(The task) Print exactly the first lines of the records. Stop after the line containing "一直以来,伟德体育官方网站集", and leave every picture out.

Supplied material Block Start

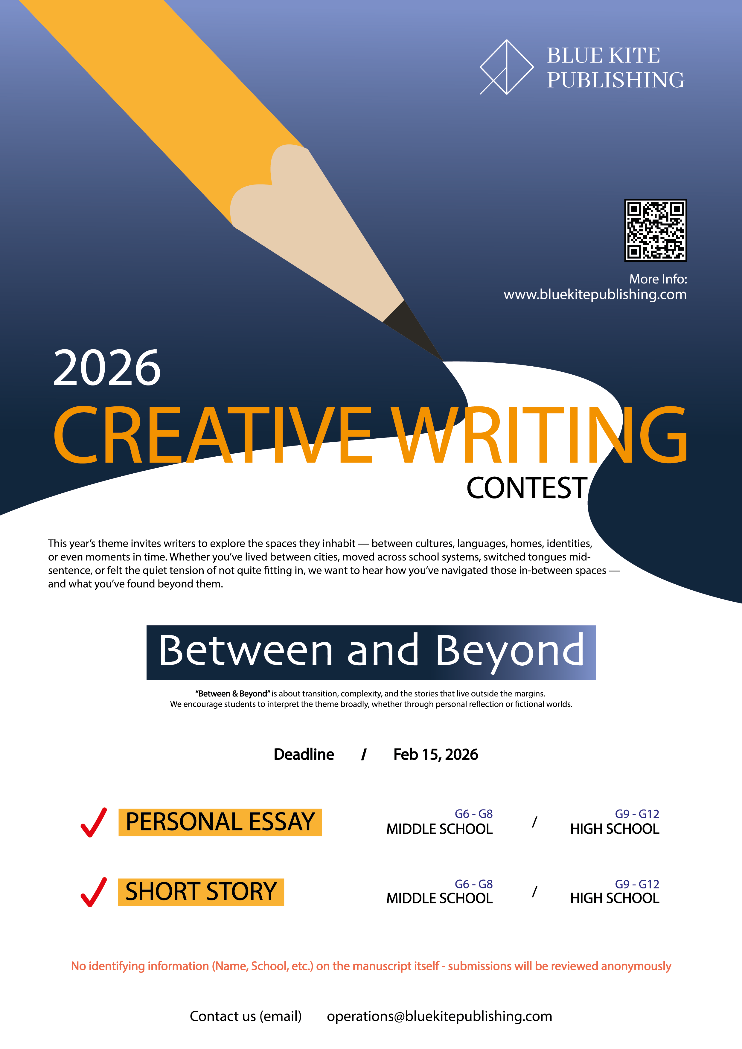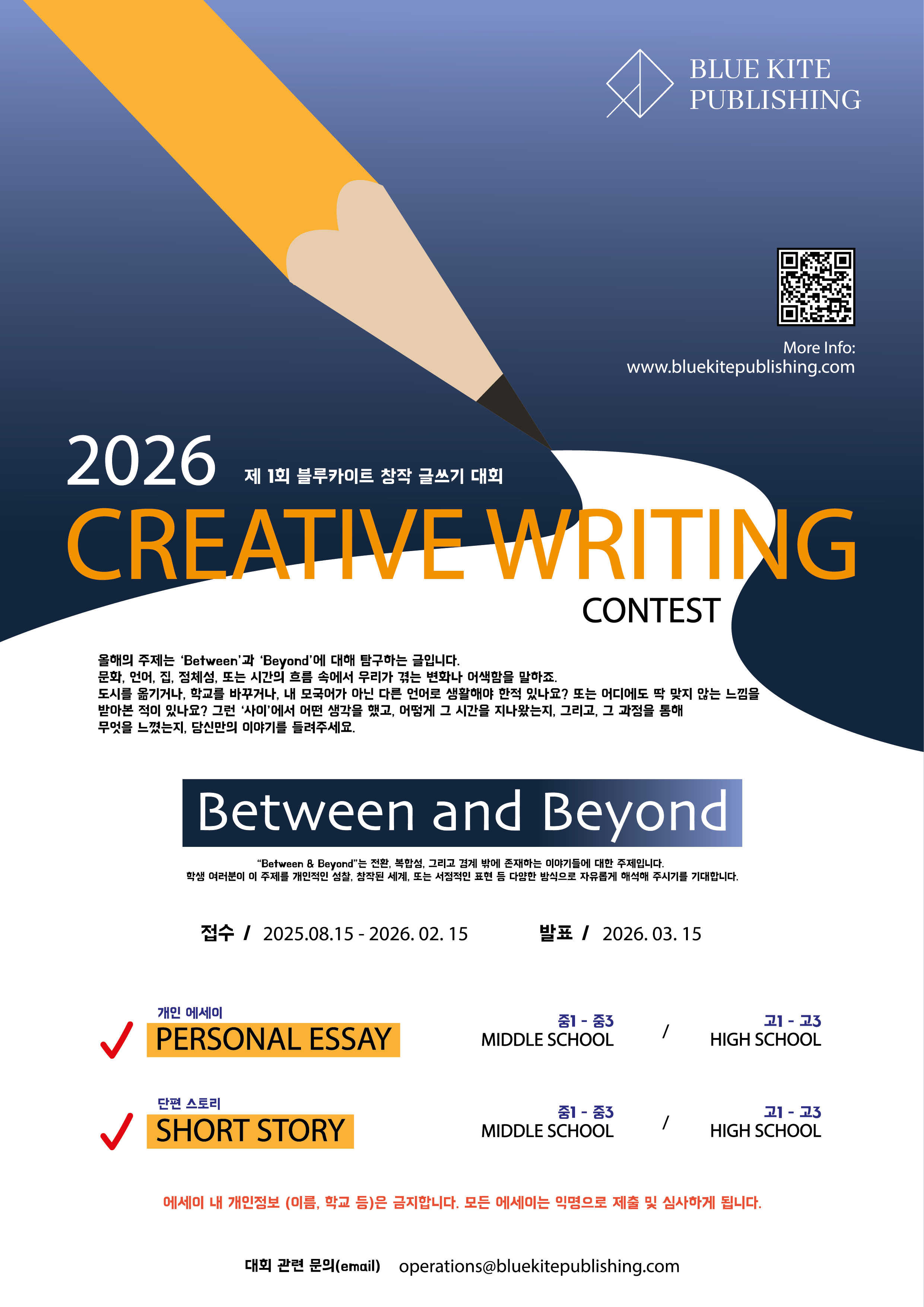 https://www.bluekitepublishing.com/ 홈페이지 접속 > Writing Contest > (홈페이지 하단) Click Here 클릭!
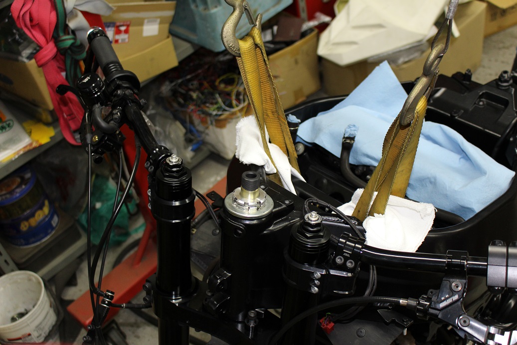 ステムを締め付けたらトップブリッジの取り付け。
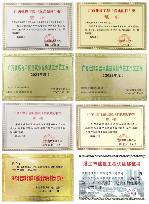 一直以来,伟德体育官方网站集团以“施工精细、技术精妙、管理精心、工艺精湛、精益求精”为目标,致力于创建品质工程。多个项目获省市级表彰,其中,广西柳州至武宣高速公路、桂林至柳城高速公路均获广西建设工程“真武阁杯”奖(广西工程质量最高奖)、广西桂林至柳城高速公路及广西灌阳至平乐高速公路获广西建筑业绿色施工示范工程、广西马山县城第三高级中学项目获广西建设工程优质结构奖、甘肃榆中教育园区和榆中医院项目获“甘肃省建设工程文明工地”称号、云南楚雄民族中学搬迁建设项目获云南省建筑工程质量管理标准化示范项目、广东雷州电厂项目获湛江市建设工程优质奖……
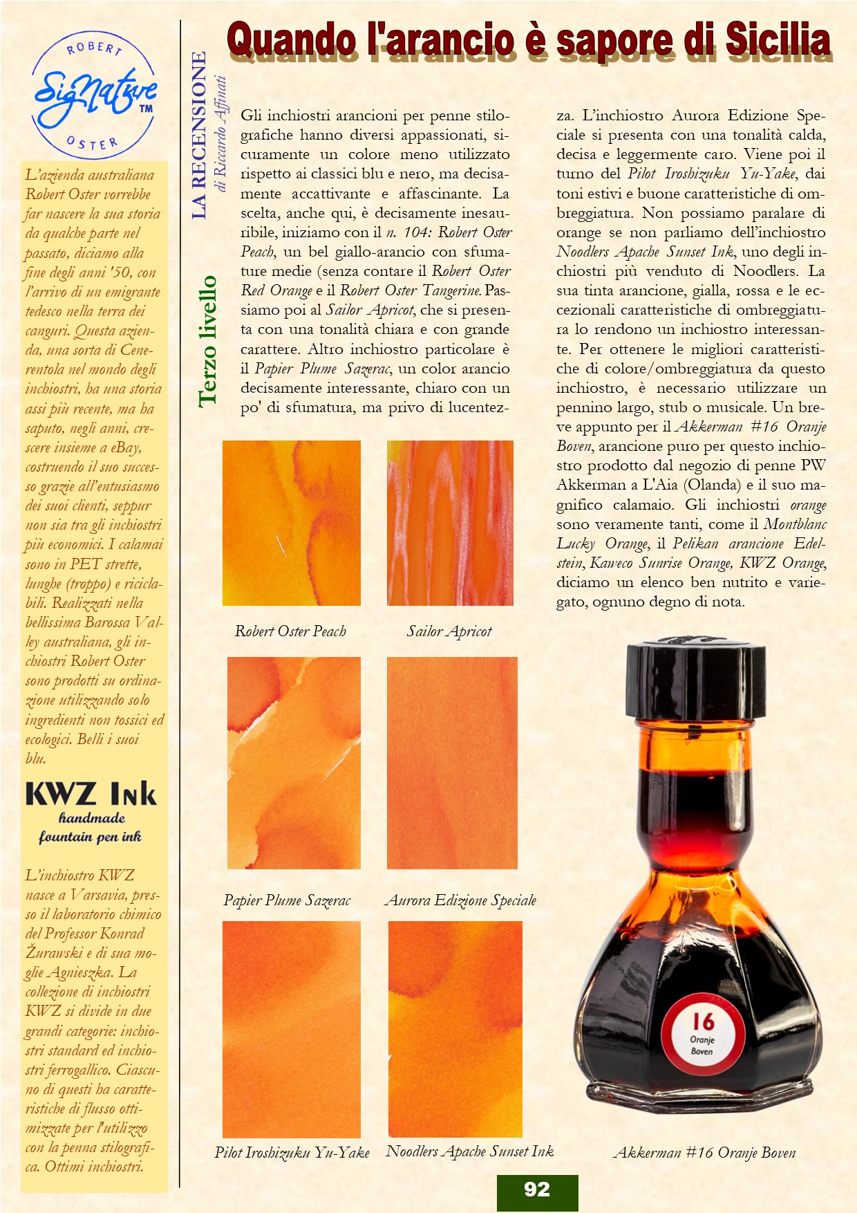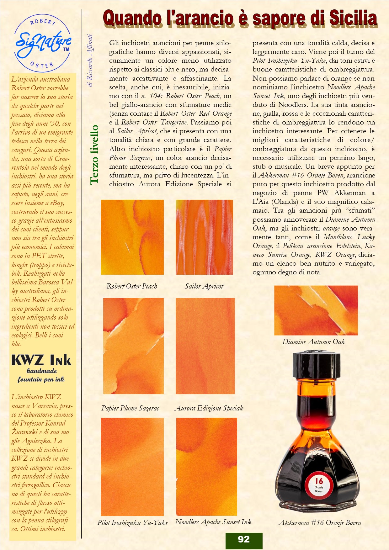Gli inchiostri arancioni per penne stilografiche hanno diversi appassionati, sicuramente un colore meno utilizzato rispetto ai classici blu e nero, ma decisamente accattivante e affascinante. La scelta, anche qui, è decisamente inesauribile, iniziamo con il n. 104: Robert Oster Peach, un bel giallo-arancio con sfumature medie (senza contare il Robert Oster Red Orange e il Robert Oster Tangerine. Passiamo poi al Sailor Apricot, che si presenta con una tonalità chiara e con grande carattere. Altro inchiostro particolare è il Papier Plume Sazerac, un color arancio decisamente interessante, chiaro con un po' di sfumatura, ma privo di lucentezza. L’inchiostro Aurora Edizione Speciale si presenta con una tonalità calda, decisa e leggermente caro. Viene poi il turno del Pilot Iroshizuku Yu-Yake, dai toni estivi e buone caratteristiche di ombreggiatura. Non possiamo paralare di orange se non parliamo dell’inchiostro Noodlers Apache Sunset Ink, uno degli inchiostri più venduto di Noodlers. La sua tinta arancione, gialla, rossa e le eccezionali caratteristiche di ombreggiatura lo rendono un inchiostro interessante. Per ottenere le migliori caratteristiche di colore/ombreggiatura da questo inchiostro, è necessario utilizzare un pennino largo, stub o musicale. Un breve appunto per il Akkerman #16 Oranje Boven, arancione puro per questo inchiostro prodotto dal negozio di penne PW Akkerman a L'Aia (Olanda) e il suo magnifico calamaio. Gli inchiostri orange sono veramente tanti, come il Montblanc Lucky Orange, il Pelikan arancione Edelstein, Kaweco Sunrise Orange, KWZ Orange, diciamo un elenco ben nutrito e variegato, ognuno degno di nota.
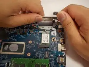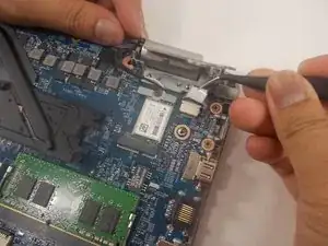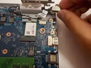 Снимите гнездо питания с ноутбука.
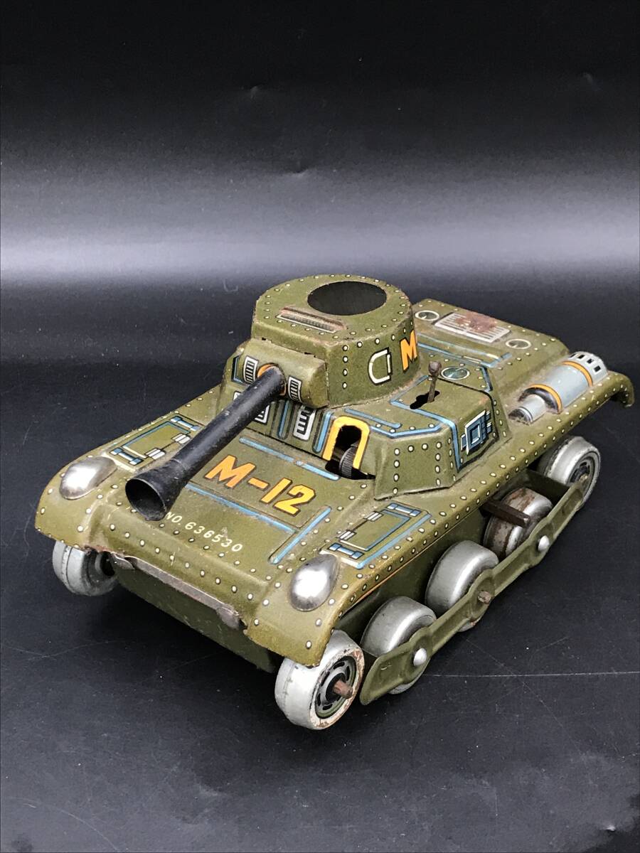 - 0527-02◆増田屋 マスダヤ ブリキ 戦車 M-12 ゼンマイなし 現状品 重みあり 約18.5cm 昭和レトロ 当時物 ビンテージ おもちゃ
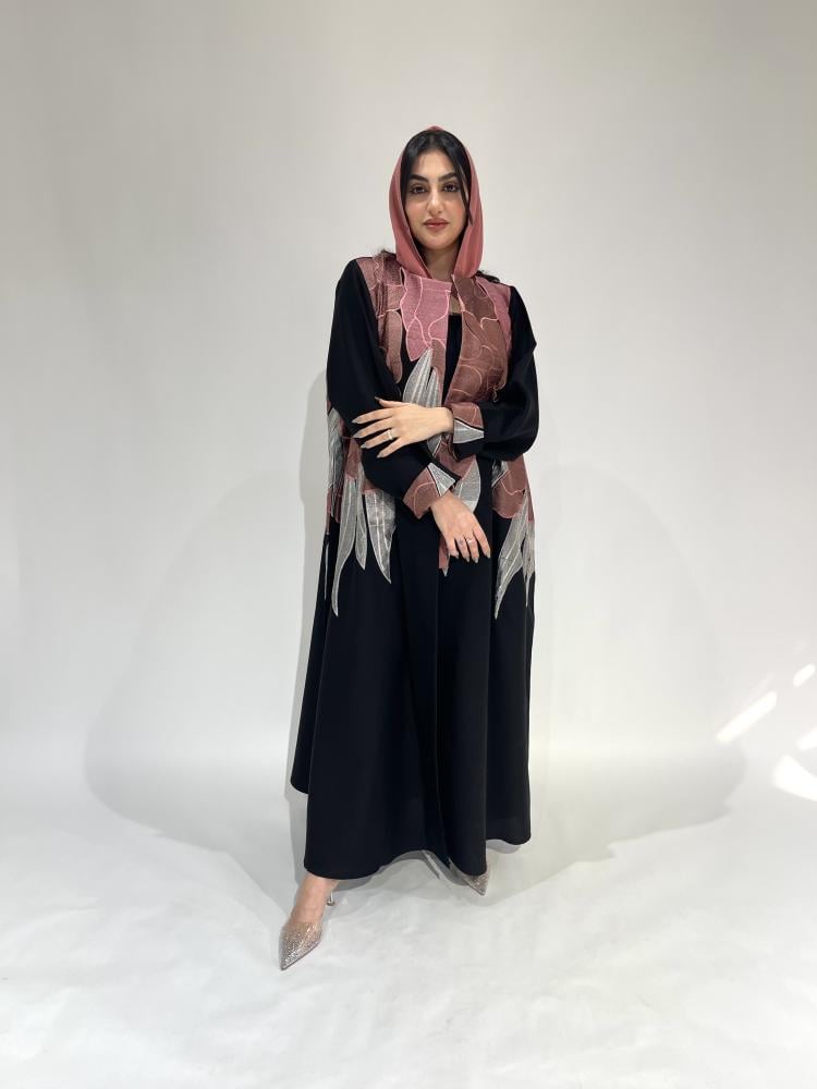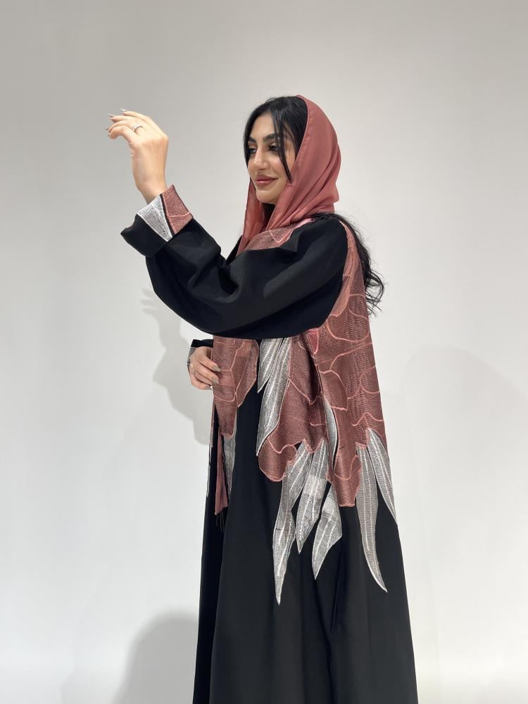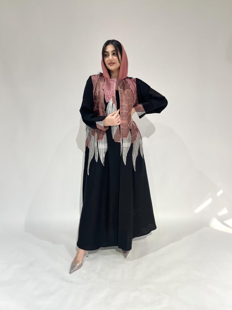 Z281 / قماش تفته مع ورد مطرز وكرستال امام وطرف الكم
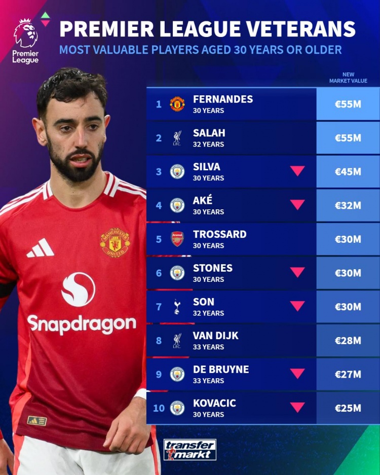 除特別注明外,本站所有內(nèi)容均為九球直播整理排版,轉(zhuǎn)載請注明出處:英超年齡30+球員身價榜:B費、薩拉赫5500萬歐居首,B席第三
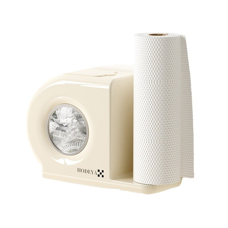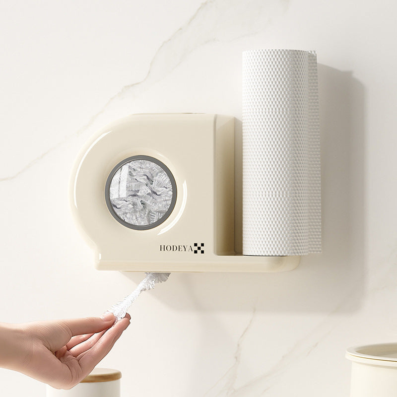 Wall-Mounted Kitchen Organizer with Plastic Wrap Dispenser and Utensil Holder

Supplied material Block End

(Task answer)
 https://www.bluekitepublishing.com/ 홈페이지 접속 > Writing Contest > (홈페이지 하단) Click Here 클릭!
 ステムを締め付けたらトップブリッジの取り付け。
 一直以来,伟德体育官方网站集团以“施工精细、技术精妙、管理精心、工艺精湛、精益求精”为目标,致力于创建品质工程。多个项目获省市级表彰,其中,广西柳州至武宣高速公路、桂林至柳城高速公路均获广西建设工程“真武阁杯”奖(广西工程质量最高奖)、广西桂林至柳城高速公路及广西灌阳至平乐高速公路获广西建筑业绿色施工示范工程、广西马山县城第三高级中学项目获广西建设工程优质结构奖、甘肃榆中教育园区和榆中医院项目获“甘肃省建设工程文明工地”称号、云南楚雄民族中学搬迁建设项目获云南省建筑工程质量管理标准化示范项目、广东雷州电厂项目获湛江市建设工程优质奖……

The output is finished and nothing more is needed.